TORONTO--(BUSINESS WIRE)--Terrace Global Inc. (“Terrace Global” or the “Company”) (TSXV:TRCE), a multi-country operator focused on the development and acquisitions of international cannabis assets, believes it is well-positioned to capitalize on this week’s announcement, by Brazil’s National Agency for Health Surveillance (“Anvisa”), approving the importation and sale of medical cannabis while, at the same time prohibiting domestic cultivation.
With its operations in neighbouring Uruguay—including a 150-acre hemp cultivation facility and 33.75% ownership of one of just two recreational cannabis licenses in Uruguay—Terrace Global is poised to be a significant participant in the Brazil market, facilitated by the South American trade agreement known as Mercosur.
“We welcome this announcement by Anvisa, the Brazilian health authority,” comments Francisco Ortiz von Bismarck, Co-Founder and CEO of Terrace Global. “With our close geographic proximity to Brazil and significant cost advantages over Canadian producers, this is a tremendous opportunity for our Company to be early entrants into Brazil, the largest country in South America with a population of over 200 million people.”
In addition to Uruguay, Terrace Global has operations in Spain and in Portugal – a country with strong, established economic and social ties with Brazil – where its building up to 350,000 square foot medical cannabis greenhouse facility just outside of Lisbon.
“We are building a company that is distinguishable from other cannabis companies in North America,” added Mr. Ortiz von Bismarck. “We have acquired assets in countries where the growing climate and capex requirements allow for viable businesses. It is this strategy that best positions us to take advantage of the international liberalization of cannabis laws.”

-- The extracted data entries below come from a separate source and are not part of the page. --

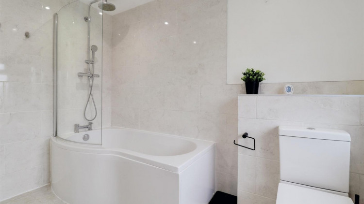 Three piece suite comprising a low level WC with push button flush, pedestal wash hand basin with mixer tap and a P-Shaped bath with mixer tap and rainfall shower over. Double glazed frosted window to the rear elevation. Double panel radiator.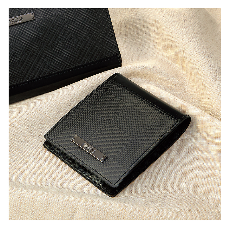 伝統の西陣織で、高強度カーボン繊維を織る。市松柄の気品が漂う、強さと美しさの逸品。 伝統の西陣織でカーボン繊維を日本古来の市松柄に織り上げました。オートクレープポリウレタン加工を施した、高い耐久性と上品な光沢が魅力。強度が求められる曲げ部分にはコードバンを使用しています。 ●カラー:ブラック系 ●サイズ(外寸・約): 幅9.3×高さ12×厚さ2.2cm ●重量(約):97g ●材質:表地=西陣織カーボンシート(カーボンファイバー、ポリウレタンオートクレープ加工)、コードバン/裏地=レーヨン、他 ●仕様:札入れ×2、ボックス式小銭入れ×1、カード入れ×10、オープンポケット×1 ●日本製 ※商品の性格上、一点一点柄の出方が異なります。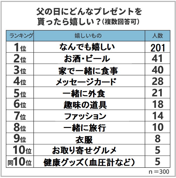 プレゼントを貰う側の立場にたったお父さん300人に「父の日にどのようなプレゼントを貰ったら嬉しいですか?」と複数回答で聞いたところ、300人中なんと201人のお父さんが「何でも嬉しい」と回答されました。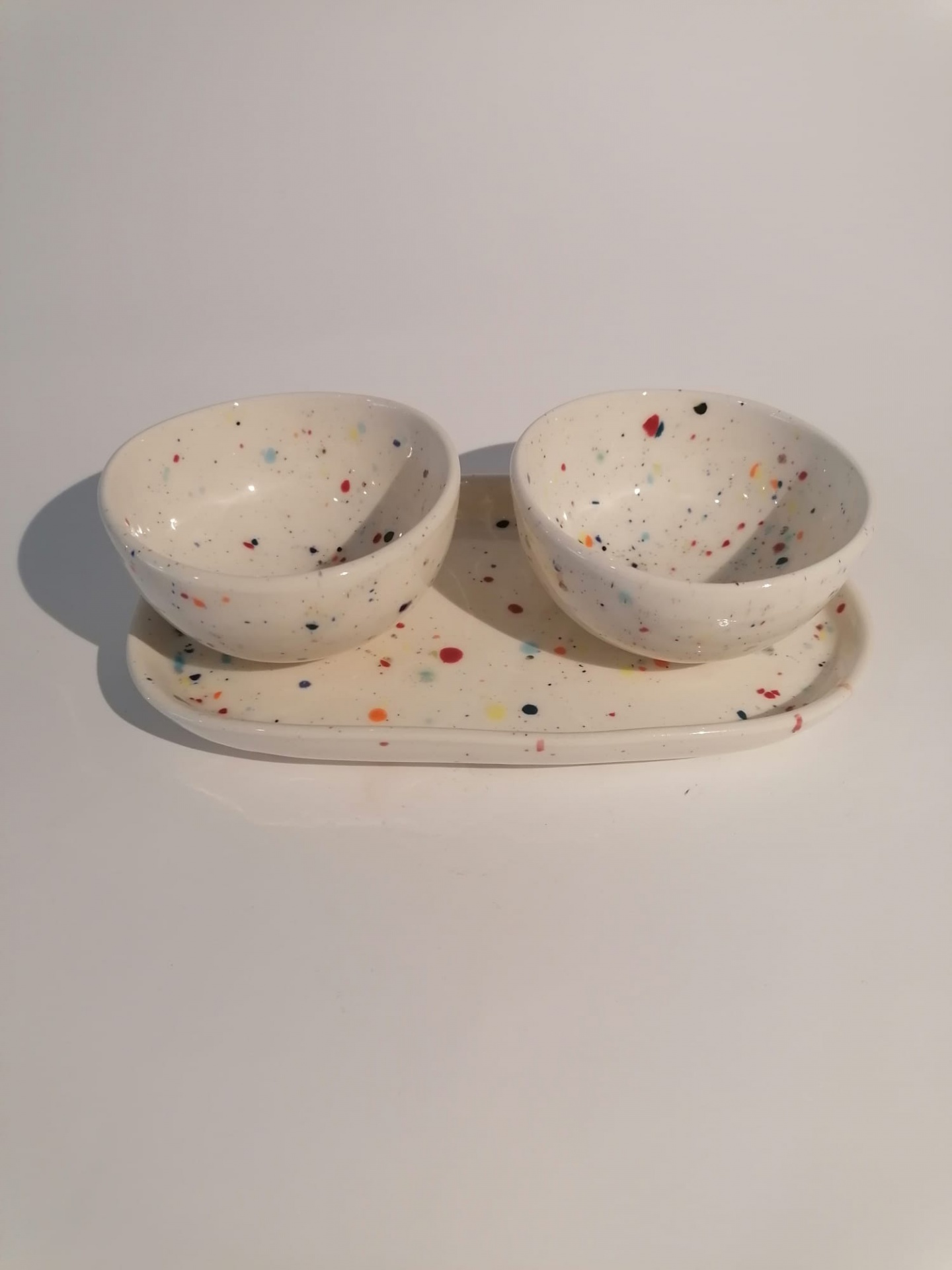 • Conjunto de tigelas e prato de cerâmica branca com padrão salpicado colorido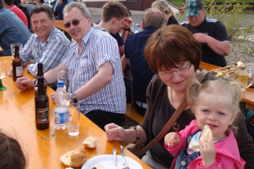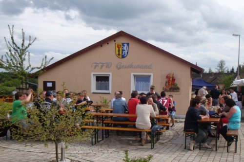 | Am 09. Mai 2013 hielt die FFW Geschwand am Feuerwehrhaus ihre traditionelle Grillparty ab. Bei anfänglich noch etwas kühlen Temperaturen jedoch im Tagesverlauf immer schöner werdenden Wetter mit frühsommerlichen Temperaturen war der Frühschoppen bei Weißwürsten mit Brezen und Weißbier schon bestens besucht. Viele benachbarte und befreundete Wehren waren sowohl zum Frühschoppen als auch am Nachmittag zu Gast bei der FFW Geschwand. Leider konnten aufgrund der zeitlichen Nähe zum Signalsteinfest die allseits geschätzten Grillhaxen nicht angeboten werden. Am Nachmittag servierte die Familie Steinhäußer Kaffee und Kuchen für die Besucher (der Erlös kam wie jedes Jahr der Behindertengruppe zu Gute). Danach wurde bis in die frühen Morgenstunden gefeiert. |

It is expected that Anvisa’s new rules will be published in the country’s official gazette in the next several days and come into force ninety days thereafter.
About Terrace Global:
Terrace Global is a multi-country operator (MCO) led by experienced cannabis entrepreneurs focused on the development and acquisition of international cannabis assets. Terrace Global’s focus is on federally legal jurisdictions with existing domestic demand, low cost inputs and approved for exportation. Terrace Global’s existing asset platform consists of: (1) a 33.75% indirect equity interest in one of the currently two recreational cannabis operations in Uruguay; (2) 100% of Oransur, S.A., a Uruguayan company producing high CBD hemp in Uruguay; (3) 100% of Terra Nova Produção e Comercialização de Produtos Natuis e Farmacêuticos, Lda, a Portuguese company with a pre-license issued by INFARMED for the cultivation, importation, and exportation of medical cannabis in Portugal; and (4) 100% of Pharmabinoide S.L., a Spanish company producing and commercializing hemp in Spain. MariMed Inc., a multi-state cannabis operator in the U.S., dedicated to improving the health and wellness of people through the use of cannabinoids and cannabis products, owns approximately 6% of Terrace Global. For more information, please see www.terraceglobal.ca.
This news release contains certain forward-looking statements, including, but not limited to, statements about the Company’s future plans and intentions. Wherever possible, words such as “may”, “will”, “should”, “could”, “expect”, “plan”, “intend”, “anticipate”, “believe”, “estimate”, “predict” or “potential” or the negative or other variations of these words, or similar words or phrases, have been used to identify these forward-looking statements. These statements reflect management’s current beliefs and are based on information currently available to management as at the date hereof.
Forward-looking statements involve significant risk, uncertainties and assumptions. Many factors could cause actual results, performance or achievements to differ materially from the results discussed or implied in the forward-looking statements. These factors should be considered carefully and readers should not place undue reliance on the forward-looking statements. Although the forward-looking statements contained in this news release are based upon what management believes to be reasonable assumptions, the Company cannot assure readers that actual results will be consistent with these forward-looking statements. These forward-looking statements are made as of the date of this news release, and the Company assumes no obligation to update or revise them to reflect new events or circumstances, except as required by law.
Neither the TSX Venture Exchange (the “TSXV”) nor its Regulation Services Provider (as that term is defined in the policies of the TSXV) accepts responsibility for the adequacy or accuracy of this release.